Arnon Grunberg
Stuttgarter Zeitung,
2014-10-08
2014-10-08, Stuttgarter Zeitung

Ein Koffer voll schmutziger Wäsche


Rolf Spinnler

Der Architekt Samarendra, Sohn eines indischen Vaters und einer Schweizer Mutter, der von seiner Familie meist nur Sam gerufen wird, soll im Auftrag eines reichen Exil-Irakers eine Oper in Bagdad bauen. Also bricht er mit viel Elan, Idealismus und Naivität in den Nahen Osten auf - und wird dort mit einer Welt konfrontiert, die seine bisherige Identität stark erschüttert.
Ausgedacht hat sich diese Figur der niederländische Schriftsteller Arnon Grünberg, der 1971 als Kind von in den dreißiger Jahren aus Deutschland geflohenen Juden in Amsterdam geboren wurde, aber seit 1995 in New York lebt.
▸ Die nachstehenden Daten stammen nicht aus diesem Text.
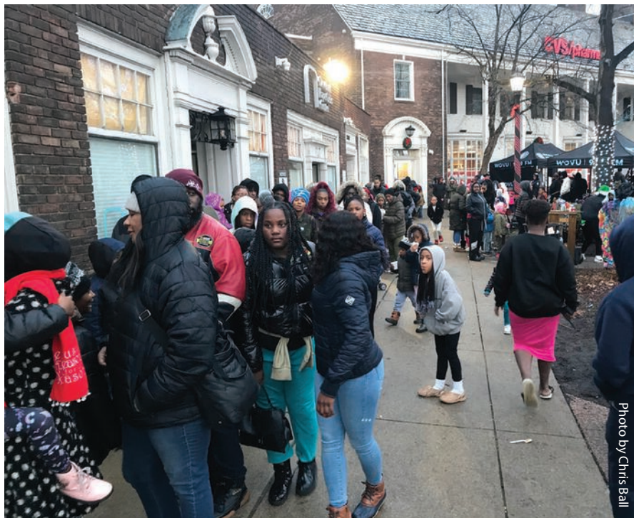
Organizers estimate that 1,000 people showed up for the fifth annual "$10,000 Toy Giveaway" Dec. 17 on Shaker Square.

"We share a few words of encouragement with them, let them know we've all come through the community of hard knocks," he said. "We still are committed to the community. We just wanted to let them know that people who were in the same shoes are just a step away, and we still are thinking of them and any bridge we can create to help them come into a different reality. That's what we're here for."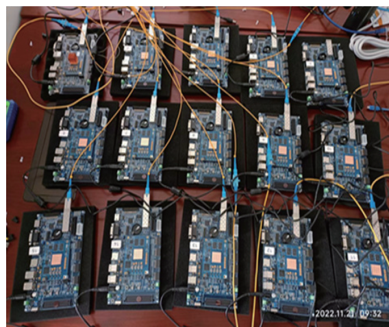
Fig. 2 (color online) Electronic cooling control hardware.

We completed the software and hardware development of electronic cooling and electronic internal target control prototype. Figure 2 is the Electronic cooling control hardware. The installation of the first ion source SECR2 control system cabinet (2 units) at the front end of HIAF has been completed. HIAF Chopper and Kicker control system hardware has been completed. At presently, we are conducting joint testing work with subsystems. The HIAF control network is designed based on three-level (core, aggregation, access) network architecture, and achieves 40 Gbps backbone network. The access switch adopts the mode of 10 Gigabit uplink and Gigabit downlink to ensure high data throughput. We designed a configuration administration system to manage the configuration and running status of the HIAF Timing System.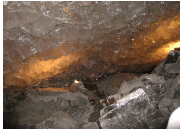
Potash salt mining in Merkers-Kieselbach, Thuringia

Germany has a few natural resources and must rely on imports. 54 Natural resources include coal, natural gas, iron ore, copper, nickel, potash, and salt. 55, 56 Most of Germany's hard coal mining operations are located in the Ibbenbüren, Ruhr, and Saar coalfields. 57 Lignite coal operations are located in four regions: the Rhineland around Cologne, Aachen, and Mönchengladbach; the Lusatian region in southeastern Brandenburg and northeastern Saxony; the Central region in southeast Saxony-Anhalt; and the Helmstedt region of Lower Saxony. 58 The copper mines are located in the Marsberg, Sauerland, and North Rhine-Westphalia regions. 59 The most abundant resources are arable land and timber. 60, 61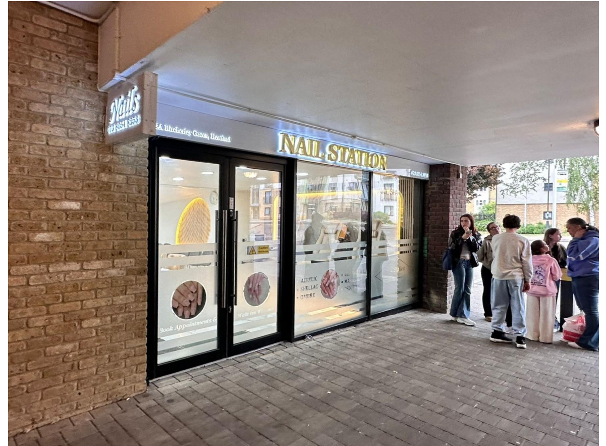
Unit 8 – Nail Salon

Gibt es da nicht Gemeinsamkeiten zwischen dem Autor und Sam, der Hauptfigur seines Romans, den Grünberg jetzt im Literaturhaus vorgestellt hat? Haben nicht beide eine 'trans nationale Patchwork-Biografie', wie Anat Feinberg, die Grünbergs Lesung moderierte, gleich zu Beginn des Abends anmerkte? Sind nicht beide Unbehauste, die sich nicht binden wollen? Ja, er reise viel, gab Grünberg zu, dann sei er ein Nomade, dessen Zuhause nur der Laptop sei, auf dem er schreibe. Doch den Bezug zu seinem Geburtsort Amsterdam habe er nicht verloren, fast täglich telefoniere er mit seiner Mutter, die noch immer dort lebe. Nach New York sei er damals, nach dem unrühmlichen Abschluss seiner Schullaufbahn und einer wenig erfolgreichen Karriere als Verleger, der Liebe wegen gezogen - und geblieben. Nein, meinte Grünberg schließlich, Sam sei ein anderer Mensch als er selbst.
Anders als sein Romanheld, dem im Irak der Boden unter den Füßen wegbricht, ist Grünberg in seinem Beruf äußerst erfolgreich. Seit seinem Debüt 1994 mit dem Roman 'Blauer Montag', der gleich ein Bestseller wurde, hat er mehr als ein Dutzend Bücher veröffentlicht, demnächst wird an den Münchner Kammerspielen sein Stück 'Hoppla, wir sterben!' uraufgeführt, außerdem schreibt er regelmäßig Reportagen und Kolumnen für niederländische Zeitungen. Es waren diese Reportagen über den Irak, wo Grünberg zwischen 2008 und 2011 mehrfach als 'embedded journalist' recherchierte, oder über Afghanistan, von wo er über den Alltag der dort stationierten holländischen Soldaten berichtete, die ihn mit Anschauungsmaterial für seinen neuen Roman versorgten. Aber Grünberg hat auch schon als Hotelboy in Bayern oder als Masseur in Rumänien gejobbt und dann über seine dabei gemachten Erfahrungen geschrieben - als niederländischer Günter Wallraff gewissermaßen, nur mit mehr Humor als dieser.